Comments before `html` or doctype.
I've seen some documents in the wild that have a <!-- ... --> comment block before the first html node (but after <!doctype>). I'm not super sure if that's "valid", but it is annoying that that's causing an error. Since it's a comment, I could definitely see that the error is basically given a restart to ignore any nodes before actual start of the document, alternatively those could be stored and handled once the document has been created?
Comments before the html element is valid. Can you provide an example that causes the error?
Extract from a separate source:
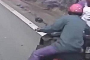 Trước tình huống nguy hiểm, một người đàn ông đi xe máy phía sau tăng ga đuổi theo trên đoạn đường dốc và dùng một tay kéo chiếc xe lại, cứu thành công cả gia đình.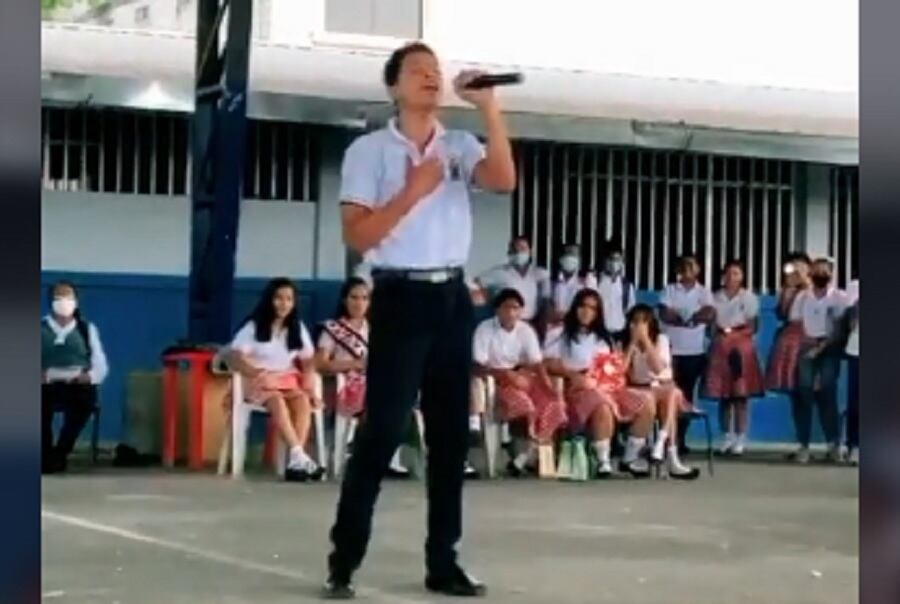 Su interpretación es completa, aunque su poderosa voz se pierde entre los aplausos y gritos de los estudiantes, un estudiante logró captar el momento y lo compartió en sus redes sociales.

The following works fine for me.
(html5-parser:parse-html5 "<!doctype html><!-- comment --><html>hello</html>")
Ah, sorry, I should've tried it without CXML. It works like you said, only when :dom :cxml is added, using the mapping to the CXML DOM, does this fail:
There is no applicable method for the generic function:
#<STANDARD-GENERIC-FUNCTION DOM:CREATE-COMMENT #x30200308948F>
when called with arguments:
(NIL " hello, world! ")
[Condition of type NO-APPLICABLE-METHOD-EXISTS]
...
Backtrace:
...
2: ((:INTERNAL HTML5-PARSER::WALK (HTML5-PARSER:TRANSFORM-HTML5-DOM ((EQL :CXML) T))) #<COMMENT-NODE NIL #x30200343D07D> NIL NIL)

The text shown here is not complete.